What you need to download Google Groups forum messages:

  1. Download, install and run Web-Harvest (it requires Java). On most platform you should be able to start it by double-clicking on the .jar file.
  2. Copy & paste the following script into the editor (UPDATE: The script is also available at http://pastebin.com/Xe6f4s9s):
    1. <!–
    2.     A Web-Harvest script that crawls through the pages of a Google Group forum
    3.     and saves the messages as an mbox file.
    4.    
    5.     By: Nils Kaiser (blog.nils-kaiser.de)

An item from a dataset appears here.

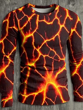 男性用 3D マグマ Tシャツ 長袖 Tシャツ 3Dプリント クルーネック シャツ ファッション 誇張された 日常 ストリート イエロー パープル オレンジ 夏 春 秋 衣類 S M L XL XXL XXXL

    6.     This work is licensed under the Creative Commons Attribution 3.0 Unported License.
    7.     To view a copy of this license, visit http://creativecommons.org/licenses/by/3.0/legalcode
    8.     Please mention my name and blog address as above if you reuse or distribute this work.
    9.    
    10.  THIS SOFTWARE IS PROVIDED BY THE COPYRIGHT HOLDERS AND CONTRIBUTORS "AS IS"
    11.  AND ANY EXPRESS OR IMPLIED WARRANTIES, INCLUDING, BUT NOT LIMITED TO, THE
    12.  IMPLIED WARRANTIES OF MERCHANTABILITY AND FITNESS FOR A PARTICULAR PURPOSE
    13.  ARE DISCLAIMED. IN NO EVENT SHALL THE COPYRIGHT OWNER OR CONTRIBUTORS BE
    14.  LIABLE FOR ANY DIRECT, INDIRECT, INCIDENTAL, SPECIAL, EXEMPLARY, OR
    15.  CONSEQUENTIAL DAMAGES (INCLUDING, BUT NOT LIMITED TO, PROCUREMENT OF
    16.  SUBSTITUTE GOODS OR SERVICES; LOSS OF USE, DATA, OR PROFITS; OR BUSINESS
    17.  INTERRUPTION) HOWEVER CAUSED AND ON ANY THEORY OF LIABILITY, WHETHER IN
    18.  CONTRACT, STRICT LIABILITY, OR TORT (INCLUDING NEGLIGENCE OR OTHERWISE)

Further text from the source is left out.